References and citations
<references />

----

=== Using an iPad ===

[https://itunes.apple.com/gb/app/wiki-edit/id391012741?mt=8 Wiki Edit] for IOS allows a Wiki to be edited using an iPad. You can dictate your text using '''Siri''' if your speed at '''thumb-typing''' is not what it should be.

= Bringing your report to life =
== Basic JSmol ==
You can use coordinate files created as part of your work (in CML or Molfile format) to insert rotating molecules for your page.
#Using your graphical program (ChemBio3D or Gaussview), '''save''' your molecule as an '''MDL File''', which has the extension '''.mol''', or as '''chemical markup language''', which has the extension '''.cml'''.
#Or, if your calculation ran on the SCAN batch system, '''publish''' the calculation, and in the resulting deposited space, download the .cml or the '''logfile.out''' file to be found there (the latter should be used for vibrations only).
#On the Wiki, '''Upload File''' (from the left hand panel) and select the molecule file you have just placed on your hard drive as above.
#On your Wiki page, insert <nowiki><jmolFile text="Explanatory text for link">BCl3-09.log</jmolFile></nowiki> where in this example, BCl3-09.log is the just uploaded file.
##The should produce <jmolFile text="this link">BCl3-09.log</jmolFile>. When clicked, it will open up a separate floating window for your molecule.
##Further actions upon the loaded molecule (such as selecting a vibrational mode and animating the vibration) are done by right-mouse clicking in the Jmol window.

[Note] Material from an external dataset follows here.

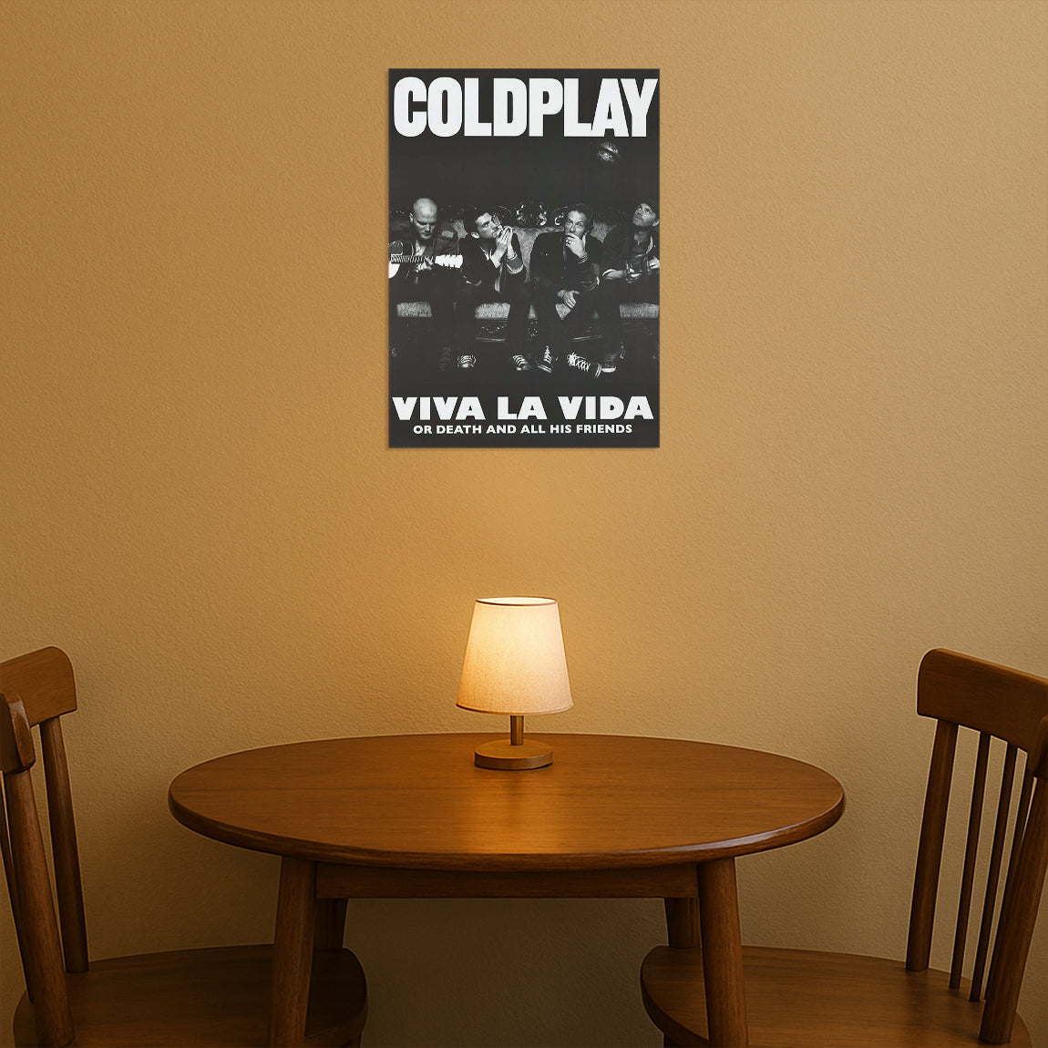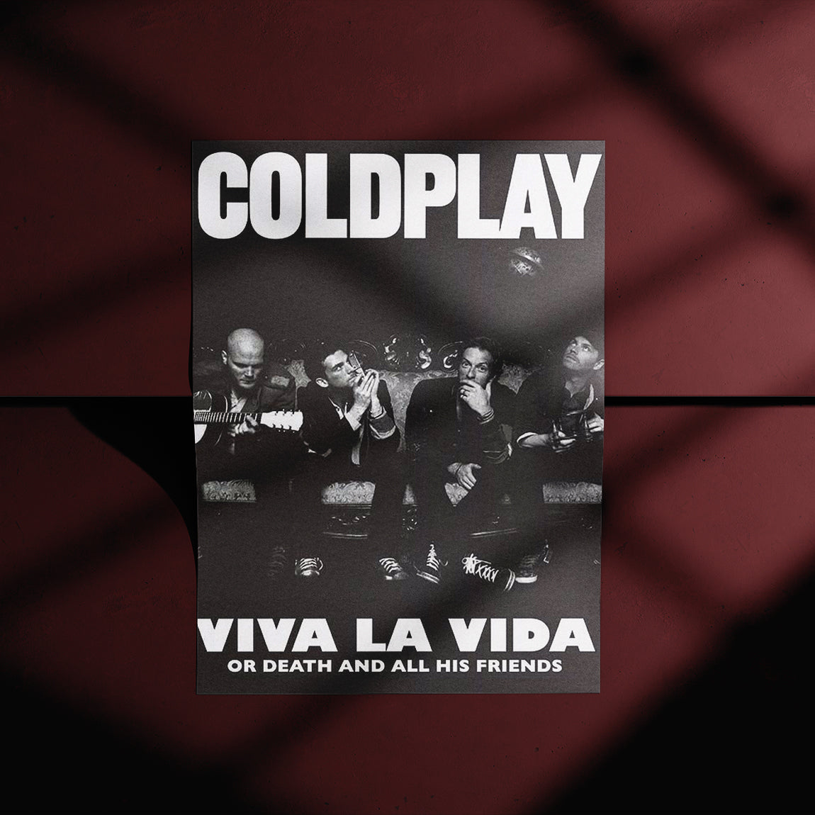 Bold monochrome design featuring Coldplay with "Viva La Vida or Death and All His Friends" text. Classic and powerful tribute to the band.

#When using animations, please let them pop up in a separate window using the <jmolAppletButton> function. Your browser won't slow down and you will make your life so much simpler. =)
##Read more on how to do that [http://wiki.jmol.org/index.php/MediaWiki#Jmol_applet_in_a_popup_window here ]. --[[User:Rea12|Rea12]] 20:58, 8 September 2014 (BST)

== Advanced JSmol ==

A much more powerful invocation is as follows. The following allows a molecule to be directly embedded into the report, and it also shows how to put a script in to control the final display.
{| class="wikitable" border="2"
|-
! copy/paste either of the two sections below into your own Wiki
|-
|<pre><jmol>
<jmolApplet>
<title>Pentahelicene</title><color>white</color>
<size>150</size><script>zoom 5;moveto 4 0 2 0 90 120;spin 2;</script>
<uploadedFileContents>yourmolecule.cml</uploadedFileContents>
</jmolApplet>
</jmol>


<jmol>
<jmolApplet>
<title>Vibration</title><color>white</color><size>200</size>
<script>frame 8;vectors 4;vectors scale 5.0;color vectors red;vibration 10;
</script><uploadedFileContents>BCl3-09.log</uploadedFileContents>
</jmolApplet>
</jmol></pre>
|-
! First molecule (if you see yellow below, then check the [[Mod:latebreak#Firefox.2C_Java_and_the_Wiki|late breaking news]])
|-
|<jmol>
<jmolApplet>
<title>Pentahelicene</title><color>white</color><size>300</size>
<script>select atomno=3,atomno=4,atomno=5; color purple;measure 3 5;measure 5 4;</script>
<uploadedFileContents>pentahelicene.mol</uploadedFileContents>
</jmolApplet>
</jmol>
|-
! Second molecule (if you see yellow below, then check the [[Mod:latebreak#Firefox.2C_Java_and_the_Wiki|late breaking news]])

|-
|<jmol>
<jmolApplet>
<title>Vibration</title><color>white</color><size>300</size>
<script>frame 8;vectors 4;vectors scale 5.0;color vectors red;vibration 10;
</script>
<uploadedFileContents>BCl3-09.log</uploadedFileContents>
</jmolApplet>
</jmol>
|}
Every time you embed a molecule in a Wiki page in the above manner, the Web browser must set aside memory. Too many molecules, and the memory starts to run out, and the browser may slow down significantly. So use the feature sparingly, only including key examples where some structural feature would benefit from the rotational capabilities.
It is [http://chemapps.stolaf.edu/jmol/docs/ possible] to add many other commands to the JSmol container above. For example, '''<nowiki><script>select atomno=3,atomno=4,atomno=5; color purple;measure 3 5;measure 5 4;</script></nowiki>''' will colour atoms 3 4 and 5 (obtained by mouse-overs) purple, and then measure the length of the 3-5 bond. Further examples of how to invoke Jmol are [http://www.mediawiki.org/wiki/Extension:Jmol#Installing_Jmol_Extension found here], and a comprehensive list [http://chemapps.stolaf.edu/jmol/docs/ given here].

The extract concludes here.